Large language models (LLMs) have made impressive strides in reasoning tasks, yet mathematical problem-solving remains a challenge. Traditional "chain-of-thought" reasoning often produces verbose explanations and error-prone arithmetic. DeepMath tackles this by combining a small Python executor with a fine-tuned LLM, enabling concise, computation-driven reasoning.

DeepMath

DeepMath is built on Qwen3-4B Thinking and fine-tuned with GRPO (Group Relative Policy Optimization). Instead of verbose text, the model emits tiny Python snippets for intermediate steps, runs them in a secure sandbox, and folds the results back into its reasoning, reducing errors and output length.

✅ No file I/O, no network calls, strict timeouts.

✅ Safe, deterministic, and auditable.

We evaluate DeepMath on four math datasets: MATH500, AIME, HMMT, and HLE, and show that:

  • The math agent alone improves accuracy and reduces verbosity.

  • GRPO training alone biases outputs toward brevity and correctness.

  • Combining the agent with GRPO yields the largest gains.

Check out:

Why DeepMath?

LLMs often struggle with numeric precision and produce unnecessarily long reasoning chains. Two opportunities stand out:

  1. Offload deterministic computation to a safe executor.

  2. Train models to prefer concise, computation-oriented traces over verbose text.

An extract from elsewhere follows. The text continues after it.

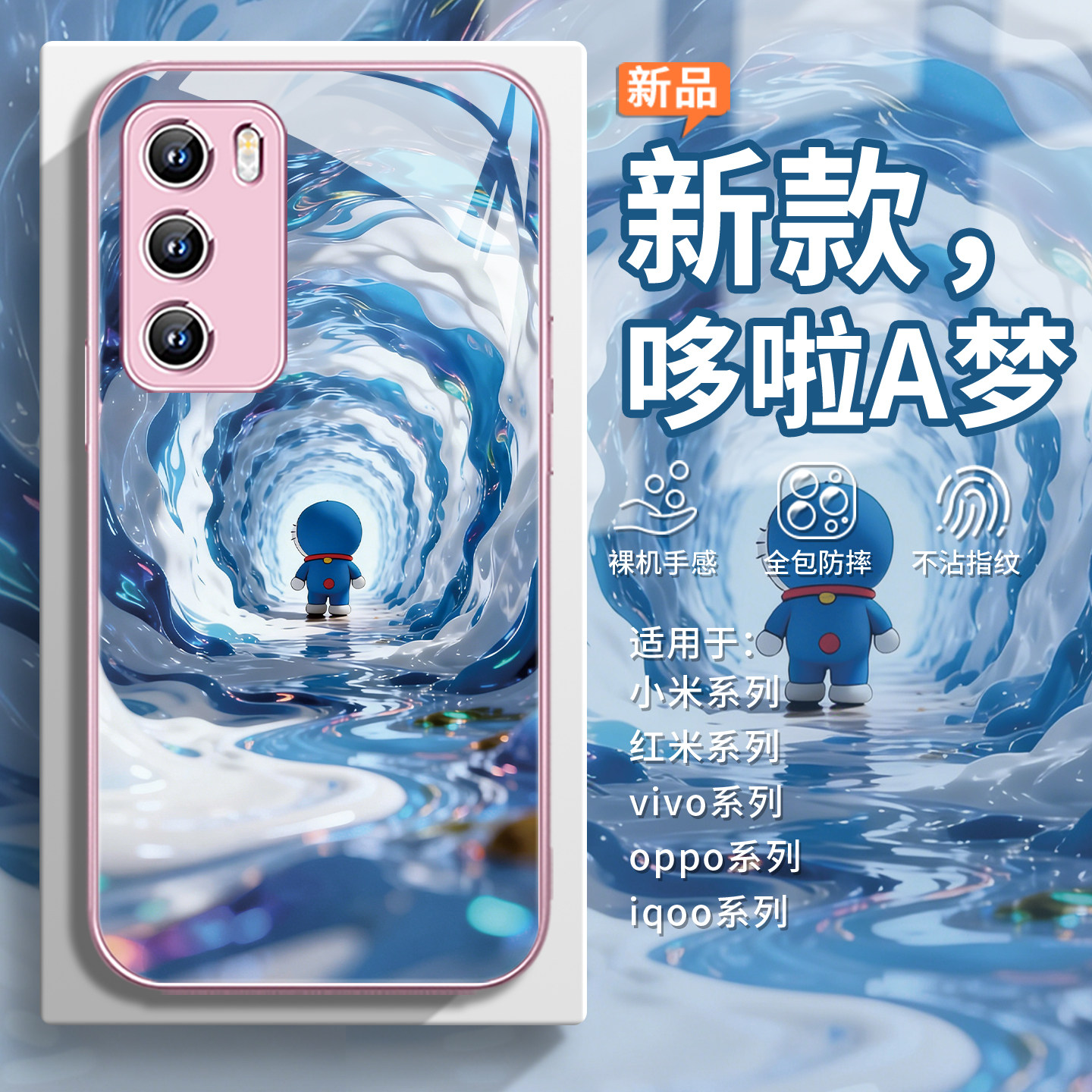 蓝胖子适用opporeno15手机壳小米17时光通道哆啦A梦红米k90卡通vivox300pro可爱s50日系iqoo15动漫findx9女款

DeepMath implements both. The model learns to generate short Python snippets, which are executed in a sandbox and reintegrated into the context. GRPO fine-tuning encourages this behavior by rewarding correctness and encouraging shorter outputs.

How It Works

  • Base model: Qwen3-4B Thinking.
  • Executor constraints: sandboxed environment, allow-list of imported modules, per-snippet timeout.
  • Inference: based on SmolAgents, a math agent was created. vLLM is used as the inference engine.
  • Training: based on the GRPO trainer in TRL, we modified TRL's vLLM client and server to generate GRPO completions using our DeepMath agent.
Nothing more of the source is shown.